---------- Task input

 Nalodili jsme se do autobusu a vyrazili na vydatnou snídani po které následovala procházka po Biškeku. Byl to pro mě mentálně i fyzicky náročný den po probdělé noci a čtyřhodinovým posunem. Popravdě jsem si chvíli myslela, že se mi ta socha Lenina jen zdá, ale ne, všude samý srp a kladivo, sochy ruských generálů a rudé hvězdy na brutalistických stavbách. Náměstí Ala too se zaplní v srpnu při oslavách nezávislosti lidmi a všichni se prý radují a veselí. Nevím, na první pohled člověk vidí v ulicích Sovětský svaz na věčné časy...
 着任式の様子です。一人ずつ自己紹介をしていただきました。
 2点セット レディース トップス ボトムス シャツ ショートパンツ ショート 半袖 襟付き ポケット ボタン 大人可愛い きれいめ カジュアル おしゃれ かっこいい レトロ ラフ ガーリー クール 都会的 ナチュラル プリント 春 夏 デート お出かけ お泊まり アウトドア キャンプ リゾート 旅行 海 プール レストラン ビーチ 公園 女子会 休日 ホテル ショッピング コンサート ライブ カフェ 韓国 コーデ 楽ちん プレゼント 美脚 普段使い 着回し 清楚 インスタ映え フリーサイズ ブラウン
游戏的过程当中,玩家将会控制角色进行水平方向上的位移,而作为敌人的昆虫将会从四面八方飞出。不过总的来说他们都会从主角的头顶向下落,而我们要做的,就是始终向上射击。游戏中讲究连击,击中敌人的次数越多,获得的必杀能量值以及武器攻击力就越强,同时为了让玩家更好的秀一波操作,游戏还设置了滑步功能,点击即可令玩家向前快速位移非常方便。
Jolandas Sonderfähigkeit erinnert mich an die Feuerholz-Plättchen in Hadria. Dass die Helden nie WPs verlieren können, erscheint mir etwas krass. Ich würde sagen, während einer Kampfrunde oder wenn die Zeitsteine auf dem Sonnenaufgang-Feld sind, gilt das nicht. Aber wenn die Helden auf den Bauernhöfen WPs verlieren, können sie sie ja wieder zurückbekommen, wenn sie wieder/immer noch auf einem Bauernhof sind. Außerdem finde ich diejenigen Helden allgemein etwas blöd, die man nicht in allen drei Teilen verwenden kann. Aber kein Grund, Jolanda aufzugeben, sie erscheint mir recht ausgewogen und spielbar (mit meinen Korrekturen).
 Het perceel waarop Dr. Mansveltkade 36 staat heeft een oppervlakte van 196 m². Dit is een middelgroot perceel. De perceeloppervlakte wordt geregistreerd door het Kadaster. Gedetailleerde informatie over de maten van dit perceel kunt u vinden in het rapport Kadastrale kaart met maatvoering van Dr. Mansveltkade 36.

--------------------
---------- Task input

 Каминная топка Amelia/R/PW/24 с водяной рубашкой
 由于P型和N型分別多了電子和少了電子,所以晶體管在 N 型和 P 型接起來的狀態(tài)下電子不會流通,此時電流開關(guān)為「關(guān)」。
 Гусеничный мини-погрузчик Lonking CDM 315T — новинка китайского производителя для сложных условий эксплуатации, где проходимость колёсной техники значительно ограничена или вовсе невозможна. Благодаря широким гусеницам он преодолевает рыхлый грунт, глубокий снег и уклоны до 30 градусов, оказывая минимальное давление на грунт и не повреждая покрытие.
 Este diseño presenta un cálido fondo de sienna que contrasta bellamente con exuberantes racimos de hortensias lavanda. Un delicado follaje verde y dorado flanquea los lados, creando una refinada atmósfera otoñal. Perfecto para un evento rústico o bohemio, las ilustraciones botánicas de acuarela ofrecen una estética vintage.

--------------------

Everything from the line with "Nalodili jsme se" through the line with "游戏的过程当中,玩家将会控制" in the listing above must be retyped exactly, with nothing added.

→ **Answer for this exercise**:
 Nalodili jsme se do autobusu a vyrazili na vydatnou snídani po které následovala procházka po Biškeku. Byl to pro mě mentálně i fyzicky náročný den po probdělé noci a čtyřhodinovým posunem. Popravdě jsem si chvíli myslela, že se mi ta socha Lenina jen zdá, ale ne, všude samý srp a kladivo, sochy ruských generálů a rudé hvězdy na brutalistických stavbách. Náměstí Ala too se zaplní v srpnu při oslavách nezávislosti lidmi a všichni se prý radují a veselí. Nevím, na první pohled člověk vidí v ulicích Sovětský svaz na věčné časy...
 着任式の様子です。一人ずつ自己紹介をしていただきました。
 2点セット レディース トップス ボトムス シャツ ショートパンツ ショート 半袖 襟付き ポケット ボタン 大人可愛い きれいめ カジュアル おしゃれ かっこいい レトロ ラフ ガーリー クール 都会的 ナチュラル プリント 春 夏 デート お出かけ お泊まり アウトドア キャンプ リゾート 旅行 海 プール レストラン ビーチ 公園 女子会 休日 ホテル ショッピング コンサート ライブ カフェ 韓国 コーデ 楽ちん プレゼント 美脚 普段使い 着回し 清楚 インスタ映え フリーサイズ ブラウン
游戏的过程当中,玩家将会控制角色进行水平方向上的位移,而作为敌人的昆虫将会从四面八方飞出。不过总的来说他们都会从主角的头顶向下落,而我们要做的,就是始终向上射击。游戏中讲究连击,击中敌人的次数越多,获得的必杀能量值以及武器攻击力就越强,同时为了让玩家更好的秀一波操作,游戏还设置了滑步功能,点击即可令玩家向前快速位移非常方便。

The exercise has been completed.